The weather system that continued to blow through the Southwest followed us to Monument Valley and we found ourselves snowed in the first day with the visitor center closed; it was basically a white out and we were stuck indoors with limited wi fi. It’s rare thing to see Monument Valley in the snow; we had been here before nearly ten years ago, though seeing it again after so long brought the grandeur of the place back into the mind’s eye.
By late morning, the buttes were hugged by cloud cover that dissipated as the day went on, releasing blue sky that encouraged the melt. As soon as the roads became passable we decided to visit the Goulding Trading Post and the flurries picked up again as we made our way back to the RV park. We extended our stay an extra day as we had a horseback ride booked but that wasn’t going to happen so we rescheduled.
Based on weather forecasts during our planning phase, we hadn’t planned to be in such frigid temps. We had picked up antifreeze in Page as a backup plan and were certainly were glad we did. We poured antifreeze in the tanks and set a warming lamp by the fresh water and water pump but despite our efforts, including running faucets in the middle of the night, our pipes feeding the freshwater froze; the temperatures plunged into the teens. In the morning we turned the rig around to get the now blazing sun against the water intake side to heat things up.
We eventually ventured to the MV Visitor Center which was virtually deserted and poked around the shop and picked up a Navajo medicine man carving, our standard magnet, and a book on the Dine’ as I am forever fascinated by the culture.
When we got back to BigB we coaxed the water through the pipes and were relieved when they started flowing again.
We decided to drive up to Mexican Hat and encountered the site immortalized by Forrest Gump – the scene where he’s running through Monument Valley and decided he didn’t want to run anymore; people were standing in the road trying to get selfies, even though you’re not supposed to stop in the road they of course slowed down traffic. It was the wrong time of day to get a photograph anyway.
We decided to lunch in Mexican Hat at the same restaurant we ate at nearly ten years before. Another Navajo Taco..

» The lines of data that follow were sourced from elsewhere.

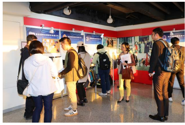
現場商洽交流情形
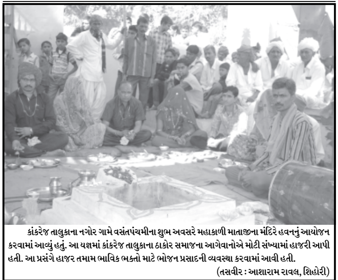
કંકરેજ તાલુકાના નગર ગામે વસંતપંચમીના શુભ અવસરે મહાકાળી માતાજીના મંદિરે હવનનું આયોજન કરવામાં આવ્યું હતું. આ યજ્ઞમાં કંકરેજ તાલુકાના ઠાકોર સમાજના આગેવાનોએ મોટી સંખ્યામાં હાજરી આપી હતી. આ પ્રસંગે હાજર તમામ ભાવિક ભક્તો માટે ભોજન પ્રસાદની વ્યવસ્થા કરવામાં આવી હતી.

ડીસા નગરપાલિકાના વોર્ડ નં. ૨ની ખાલી પડેલ બેઠક માટે રવિવારે પેટા ચૂંટણી યોજાઈ હતી. જેમાં લગ્નની સિડન તેમજ મતદારોમાં
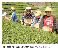
季節限定の茶摘み体験も。
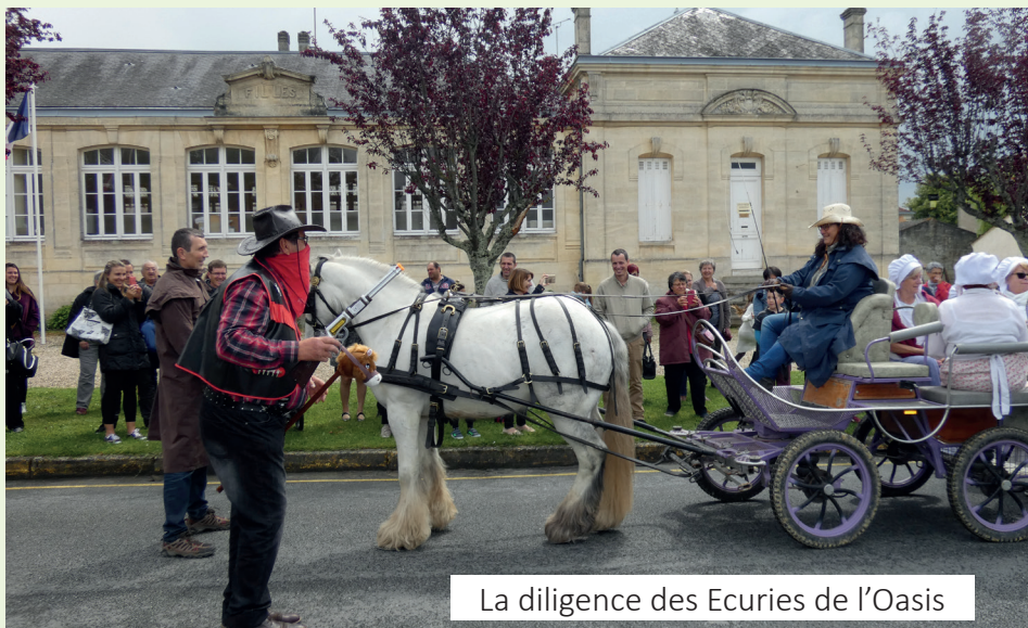
La diligence des Ecuries de l'Oasis

Un grand merci à toutes les personnes qui se sont mobilisées pour que ce moment soit une réussite.
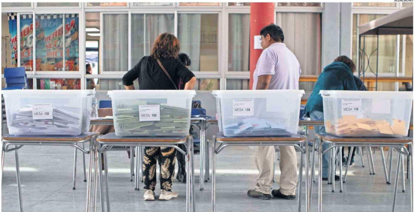
EN HORARIO DE LAS 11:30 AM SE CONSTITUYÓ EN LA REGIÓN EL 100% DE LAS MESAS. EMPLEADORES, DEBERÁN FACILITAR PERMISOS PARA QUE EL TRABAJADOR VOTE. POR OTRO LADO, HOY SERÁ FERIADO IRRENUNCIABLE.
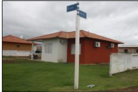
Sede da ECSA em Nova Mutum-Paraná

A ECSA (Engenharia Sócio Ambiental), empresa que presta serviços de Assistência Técnica e Social para a ESBR (Energia Sustentável do Brasil), agora tem um escritório em Nova Mutum – Paraná.
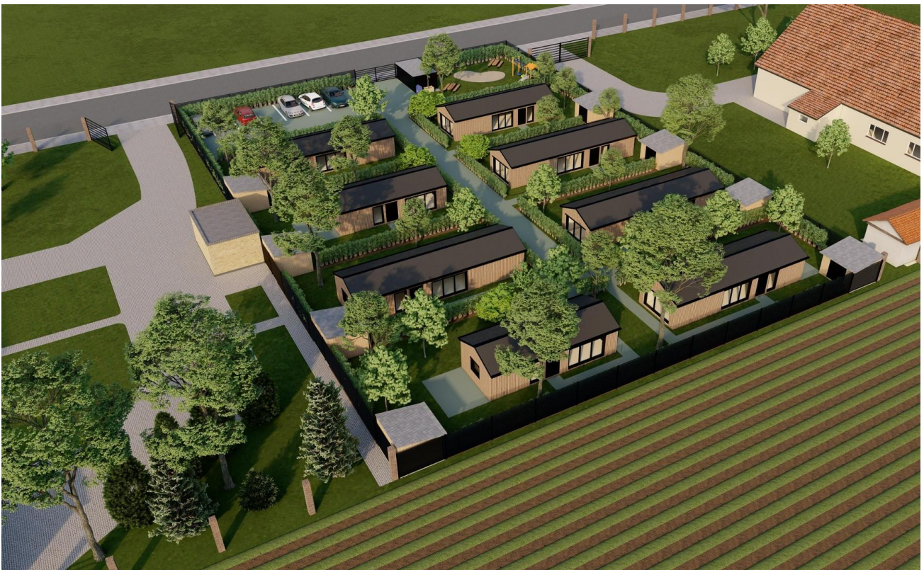
Übersicht Siedlung Nordansicht

We got back for our scheduled horseback ride. It had gotten up into the low forties and was sunny. The KOA (a chain of RV parks) we were staying at had a horse stable attached to it. We met Guy who was the older Navajo gentleman in charge along with Priscilla and Harrison. Harrison was set to be our guide for the day. He was 26 years old and his family owned a large chunk of land in the valley. He was a mechanic who also specialized in training horses.
We set out to ride along the mesa that skirted the buttes.
It was great having a conversation with Harrison – I was more interested in what he had to say than the ride as the day was getting increasingly cold and was starting to chill my bones.
The struggle with the younger Navajo generation as they want to see progress but the elders are concerned that they will go the “white man” way. Meaning they would lose their balance, and when this happens they suffer afflications that need to be healed by their medicine men and ceremonies. I had noticed the large branches stacked up like tee pees and suspect those were the sweat lodges they used for purification and healing.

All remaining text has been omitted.